確かにスーパースペシャルステージは、ラリーとは森のなかで行うものだと考える熱狂的なファンからは支持されていないが、こうしたサーキットを舞台にしたステージは、アウトドアウェアでの完全防備をすることなく近くでラリーを観戦したいと望むソフトなファンに向けて長く提供されてきたものだ。
さらにこうしたステージは、観戦可能な場所が大きな邸宅のまわりに広がるほとんど目印のない泥だらけのコースでしかなく、背の高い人間だけがラリーカーを実際目にすることができたような時代を経て、広く採用されるようになっている。
子供のころ、1986年のウェールズ・ラリーGBを観戦しにハイ・ホールという名のカントリーハウスへ行ったことがあるが、覚えているのはナイロン製のポンチョを着た背中のせいで、グループBのモンスターマシンのサウンドしか聞こえなかったということだけだ。
1993年以来のWRC開催となるオールトンパークでそんな経験をすることは決してないだろう。
見せ場はウォータースプラッシュ
リバプールにあるキューナードビルディングからスタートする今回のラリーで、木曜夜の最初の戦いの舞台となるのがオールトンパークの1周4kmのコースだ。
ロッジコーナーからカスケードまでの森林エリアに続いて、今回のラリー向けに特別に設置にされたウォータースプラッシュを通過し、ニッカーブルックの横にある小さな池の辺りで旋回すると、その後クレイヒルを上り切って、普段は練習走行用として使われているオールトンのラリーコースへと入っていく。
それなりのスピードが要求されるとともに、グラベル用のセッティングでターマックへ挑む模様は要注目であり、オールトンパークの非常に起伏に富んだコースレイアウトでは観戦ポイントにも事欠かないだろう。

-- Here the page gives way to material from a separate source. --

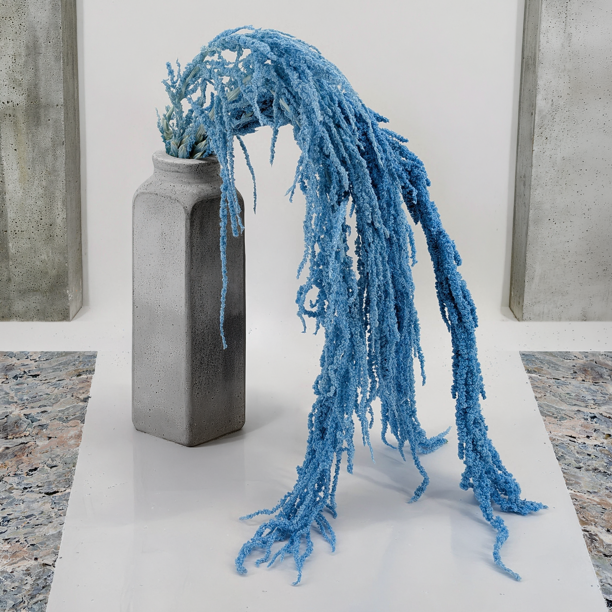 Royal preserved amaranthus in light blue is a decorative plant with long cascading tassels. The soft blue shade adds freshness and elegance to floral arrangements and interior decorations.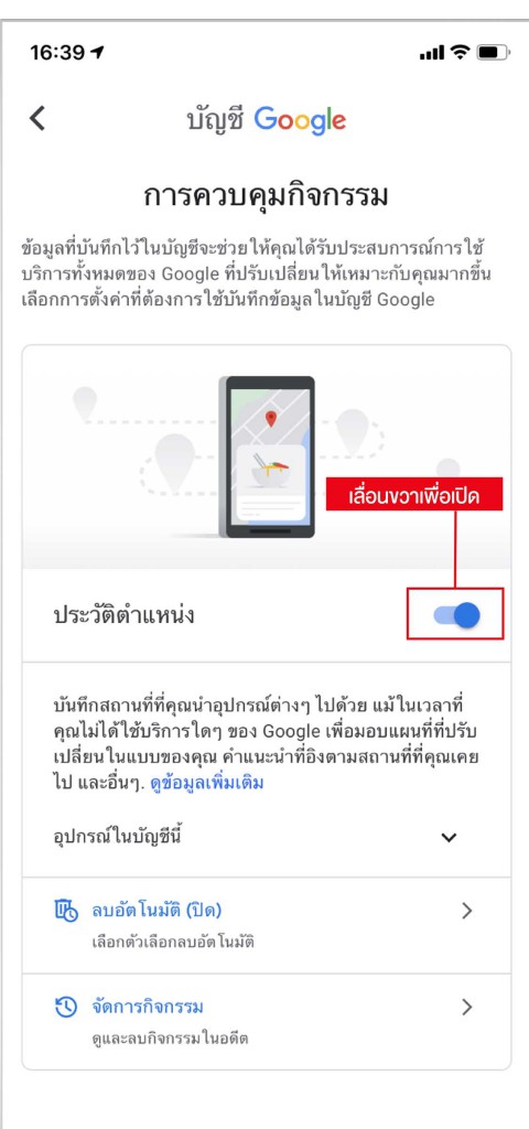 5.เลือนขวาปุ่มสีฟ้าเพื่อเปิด “ประวัติตำแหน่ง” เพื่อให้สมาร์ทโฟนบันทึกแผนที่และเส้นทางที่เราเดินทางไปแม้ไม่ได้ใช้บริการใดๆ ของ Google

75回目を迎えるウェールズ・ラリーGBの創設には英国版AUTOCARもかかわっており(詳しくは番外編1でご紹介しよう)、今回のラリーでは広くその名を知られひとびとに愛されたラリーマシンたちが展示される予定だ。
今回ここを訪れたのはラリー観戦用の観客席が建設されるはるか以前のことだったが、この日はオートバイ向けの走行会が開催されており、多くのひとで賑わっていたため、夜のラリーを観戦しに多くの観客が詰めかける様子をイメージするには、かなりの想像力が必要だった。

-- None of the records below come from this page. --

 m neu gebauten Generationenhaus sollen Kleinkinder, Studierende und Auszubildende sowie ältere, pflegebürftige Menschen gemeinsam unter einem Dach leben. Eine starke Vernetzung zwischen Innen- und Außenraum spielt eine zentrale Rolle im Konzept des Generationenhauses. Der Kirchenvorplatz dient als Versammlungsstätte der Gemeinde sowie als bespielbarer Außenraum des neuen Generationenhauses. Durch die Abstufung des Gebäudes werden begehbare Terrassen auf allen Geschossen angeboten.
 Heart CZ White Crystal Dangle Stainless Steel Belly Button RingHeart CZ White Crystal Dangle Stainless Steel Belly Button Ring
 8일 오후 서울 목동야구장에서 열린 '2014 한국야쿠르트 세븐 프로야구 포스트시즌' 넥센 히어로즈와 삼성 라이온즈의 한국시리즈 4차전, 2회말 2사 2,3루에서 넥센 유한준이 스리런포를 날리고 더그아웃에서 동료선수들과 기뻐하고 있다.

最大の見せ場がウォータースプラッシュになることは間違いないだろう。コース上でのヤリスの写真撮影が許可されたが、例えゆっくりとしたスピードであっても滑り易いターマック舗装のグリップレベルが極端に低いことは明白であり、このクルマのフロントに設置されたデフロックは、わずかなトラクションを何とか確保しようとつねに悪戦苦闘を続けていた。